Technical Abstract: The growth hormone (GH)-insulin-like growth factor-1 (IGF-1) system regulates skeletal muscle growth and function. GH has a major function of targeting the liver to regulate IGF-1 production and release, and IGF-1 mediates the primary anabolic action of GH on growth. However, skeletal muscle is a target tissue of GH as evidenced by dynamic GH receptor expression, but it is unclear if GH elicits any direct actions on extrahepatic tissues as it is difficult to distinguish the effects of IGF-1 from GH. Fish growth regulation is complex compared to mammals, as genome duplication events have resulted in multiple isoforms of GHs, GHRs, IGFs, and IGFRs expressed in most fish tissues.

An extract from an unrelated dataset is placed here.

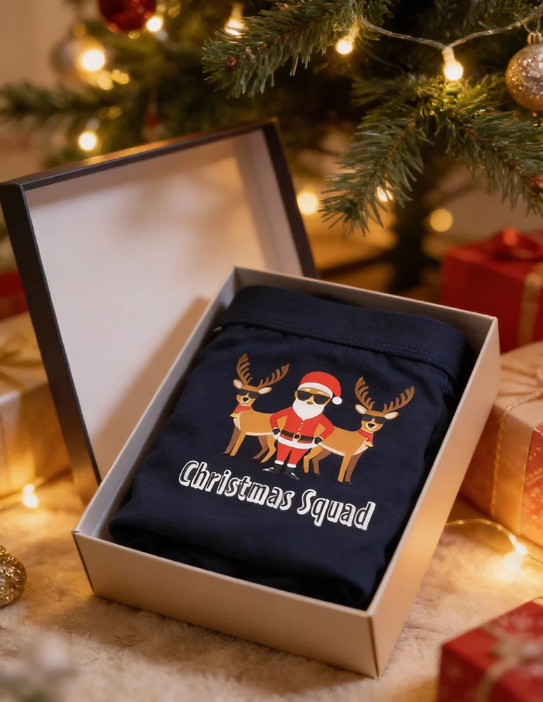Świąteczne bokserki męskie w granatowym kolorze, wykonane z miękkiej i elastycznej dzianiny bawełnianej z dodatkiem elastanu. Klasyczny, dopasowany krój zapewnia wygodę i swobodę ruchów na co dzień. Przód ozdobiony zabawnym nadrukiem przedstawiającym Mikołaja w okularach przeciwsłonecznych i dwa renifery – idealne na prezent lub jako element świątecznej stylizacji z przymrużeniem oka.

This study investigated the potential for GH direct actions on fish skeletal muscle using an in vitro system, where rainbow trout myogenic precursor cells (MPCs) were cultured in normal and serum-deprived media, to mimic in vivo fasting conditions. Fasting reduces IGF-1signaling in the muscle, which is critical for disentangling the roles of GH from IGF-1. The direct effects of GH were analyzed by measuring changes in myogenic proliferation and differentiation genes, as well as genes regulating muscle growth and proteolysis. This study provides the first in-depth analysis of the direct actions of GH on serum-deprived fish muscle cells in vitro. Data suggest that GH induces the expression of markers for proliferation, early differentiation, and proteolysis in the presence of serum, but all observed GH action was blocked in serum-deprived conditions. Additionally, serum deprivation alone reduced the expression of several proliferation, differentiation, and proteolysis markers. Results also demonstrate dynamic gene expression response in the presence of GH and a JAK inhibitor in fed but not fasted conditions. These data provide a better understanding of GH signaling in relation to serum in trout muscle cells in vitro.